Why "yeah, no" is used in such a way is a matter of speculation. My theory is that the "no" is used because the speaker is elaborating in order to defending against a potential disagreement.

  • Interesting. I have heard this alternative, but I never use it myself. It seems to be used much in the same way, but comes up in different contexts than "No, yeah". Oct 24, 2011 at 21:25
  • +1; This is dead on in my experience. Both "No, yeah" and "Yeah, no" are a habit I have picked up personally and seem to use it most when responding to a contended point. "I think this." "What about this?!" "No, yeah, that is a good point but listen to this counterpoint." My hunches tell me that it is used as a way to say, "Neither yes nor no is an adequate response; let me explain."
    – MrHen
    Oct 25, 2011 at 4:30

It depends on the context. Often people respond first with "no" without thinking, and then realize "yes" might be more appropriate. Maybe you could provide a certain context or quote in order to clarify.

  • Here is an example: "I'm not sure if I answered your question or not." "No, yeah, that makes more sense, now!" Oct 24, 2011 at 13:48
  • I read the "no" there as "I acknowledge that you are not sure, and am going on to say that ... ". It is a polite alignment with the negative sentence.
    – Colin Fine
    Oct 24, 2011 at 14:30

I think what you are often seeing is the person thinking about the question while answering it.

The "no" may just be a verbal pause while the person is thinking through the question but feels that they need to verbalize to prevent that "awkward silence" from happening. It's similar to the drawn out "ahhh", "umm...", "ehhh..." with the difference being that the person that is answering the question is pretty sure the answer is a no, but then they think of possible affirmative answer.

Or it could be a sign that "their light bulb just lit up" and they came to the realization that they actually agree with the questioner or understood what the person was actually saying.

  • These are all possibilities. Perhaps there is more than one answer. Oct 24, 2011 at 21:26

English doesn't have the "disagreeing yes" or the "agreeing no" that some languages do. For example in French "si" means "I disagree, the answer is yes" and can be used to contradict someone who has just said no to something. Without a single word to mean "disagreeing yes" or "agreeing no" we are left with "yes, no" and "no, yes" which can be used inconsistently.


All too often people are trying to explain the answering of "yeah no" "no yeah" or even "yeah no yeah" and "no yeah no" as intricate and even subliminal multi-answers.

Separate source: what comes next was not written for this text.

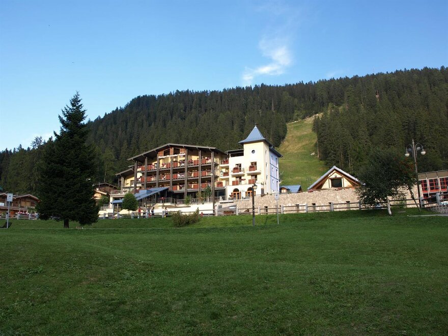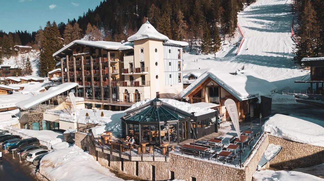 Unter kühlen Tannen....die "Quellen" der Schönheit. Geschützt von den Dolomiten der Brenta-Gruppe und den Adamello- und Presanella-Gletschern bezaubert Madonna di Campiglio durch seine eindrucksvolle, ursprüngliche Natur. In diesem von der Sonne verwöhnten Tal empfängt Sie das Hotel Oberosler mit seiner herzlichen Gastlichkeit, eingebettet in eine fantastische Landschaft. Das Hotel Oberosler befindet sich in einer besonders günstigen Lage nur 100 m vom Zentrum von Madonna di Campiglio und vom Laden- und Einkaufszentrum entfernt. Außerdem sind es nur 10 m bis zur Seilbahn Spinale, die mit dem gesamten Skigebiet verbunden ist. So können Sie mit angeschnallten Ski direkt bis vors Hotel fahren.

example analysis page for "yeah no" ...


I have noticed many people (usually young) on TV answering people with this contradicting reply system. Almost every time, the person only needed to answer either "no" or "yes" but did this irritating multi response due purely to socially infected habit. They have simply heard all too many other people use this ridiculous response system and now do it themselves.

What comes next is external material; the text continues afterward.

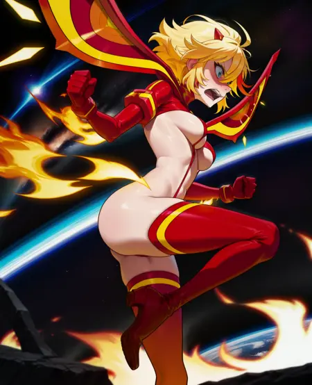 센케츠 키라사기: S3nk3tsuK1ra, 빨간 허벅지 긴 양말, 빨간 부츠, 유두 노출, 금발 머리, 빨간 옷 (외모 프롬프트에서 "검은 머리" 제거)

Ask most people (if not all) why they replied with yes and no they will have no idea, like some folk in this example mailbag ...


It's in line with how most people are now using the double-negative for statements

for example ...

"i aint done nothing wrong mate" actually means "i have done something wrong mate"

All this new-age ugly speech is due mainly to social habit and laziness - period !

I despair.

  • 1
    This doesn't really add anything that hasn't been addressed in other answers - even the two links were already provided in the posts above. You may want to delete this answer.